“If you don't know where you are going,
you'll end up someplace else.” 
- Yogi Berra


It’s been a bit tumultuous here in Washington with five continuing resolutions (CRs) and two government shutdowns and more focus on memos than budgets…


As a result, the government was shut down for about 8½ hours on Friday, February 9. So, did you miss it?


Lurching from CR to CR keeps the government running for a short duration, but at a considerable cost and detriment to the military’s readiness levels. To avoid this impact, legislation must include exceptions called “anomalies.” In the previous four CRs, anomalies were almost as elusive as bipartisanship in DC.


Congress did, however, manage to pass a two-year budget package for Fiscal Years (FY) 2018 that started last October 1, 2017 and for FY 2019, which starts October 1, 2018. The agreement set new spending limit caps and will increase federal spending by about $300 billion—approximately $165 billion for the Pentagon and $131 billion in non-defense domestic spending over two years. The previous and artificially low budget caps disproportionally hampered defense and devastated readiness.


The budget with increased spending for defense is welcome news for the Air Force, which will no longer need to trade future recapitalization and modernization of its aging systems in order to maintain readiness.


With a two-year agreement, the defense department will finally have the stable and predictable funding for which AFA has been advocating.


In the meantime, next year's FY 2019 President’s Budget (PB) was released on February 12th, marking the start of budget appropriations for next year.


The FY 2019 Air Force budget increases the lethality of the force, while prioritizing increased readiness and modernization. The Air Force’s portion requests a 6.6 percent increase (almost $10B) over last year’s budget but still came in third behind the Army and Navy.


With agreed-to spending levels, Congress should have an easier time completing appropriations this year, and a higher level of predictable funding will ensure the warfighters have what they need at a better cost for the taxpayers.


Here’s why budgets matter: Aerospace superiority is not a birthright.
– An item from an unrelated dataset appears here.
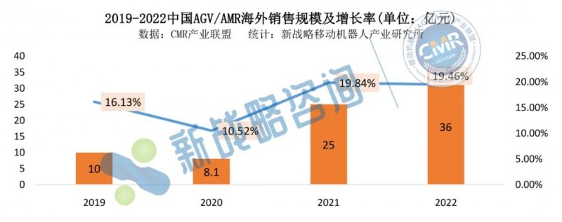 從2019年中國AGV/AMR海外銷售額首次突破10億人民幣到2022年的36億人民幣,不少企業的海外銷售占比得到較大提升,這也表明走向國際市場成為行業發展趨勢,同時中國企業的產品在全球市場的影響力逐步提升。

It has to be fought for and won. Now, our work begins in the field and at the HQ in Washington. To assist with advocacy messaging, please see “AFA’s Legislative Issues – 2018” document. AFA's Legislative Issues - 2018.
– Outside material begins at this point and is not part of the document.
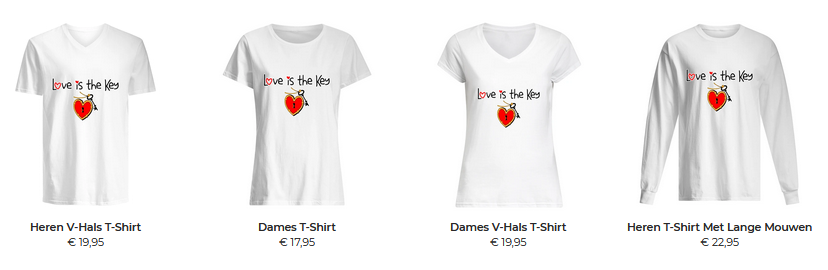 Zowel als kinder T-shirts als dames T-shirts en in vele andere uitvoeringen.

On another note, we hope that you will join the thousands of attendees and exhibitors at the Air Force Association’s 34th Annual Air Warfare Symposium (AWS) next week. It is truly one of the nation's premier events for defense and aerospace professionals from across the United States and abroad. This year’s event will highlight innovation; investments in innovation are vitally important and provide a necessary asymmetric advantage to our nation. Learn more about the AFA Air Warfare Symposium.


FY 2019 PB Department of Defense Budget: FY19 PB: $686.1B (FY18 PB: $611.8B)

DOD Comptroller, Mr. David Norquist stated these are “big but needed numbers.” His budget roll-out briefing noted that “The President’s FY 2019 budget request is for $686.1 billion. This budget represents five percent real growth over the initial FY 2018 President’s Budget and ten percent real growth over the current Continuing Resolution (CR). While reversing a seven-year decline, defense spending remains near historical lows as a share of the U.S. economy...”

FY 2019 PB US Air Force Budget: FY19 PB: $156.3B (FY18 PB: $146.6B)

AFA's Breakdown on USAF Budget.

AF's President Budget FY19.

    - Air Superiority - Continues 4th/5th Generation Aircraft modifications. 

    - JSTARS - Transitions to Airfield Battle Management System (ABSMS) to better meet COCOM Commanders’ needs. Retains JSTARS aircraft through 2020s.

    - Light Attack - Continues Light Attack experiment.

    - MILCON/BRAC (Military Construction/Base Realignment & Closure) - Directs 50 percent of MILCON for new beddown locations for F-35As; KC-46As. Does not request another BRAC round.

    - MILPERS (Personnel) - Grows end strength to increase readiness with 4,700 new members (totaling 329,100 in FY 2019). Funds key programs to support Airmen and families; increases Housing and Subsistence programs; addresses the Pilot Shortage; and revitalizes squadron and increase Quality of Life. Also provides for a 2.6 percent military pay raise—the largest in nine years.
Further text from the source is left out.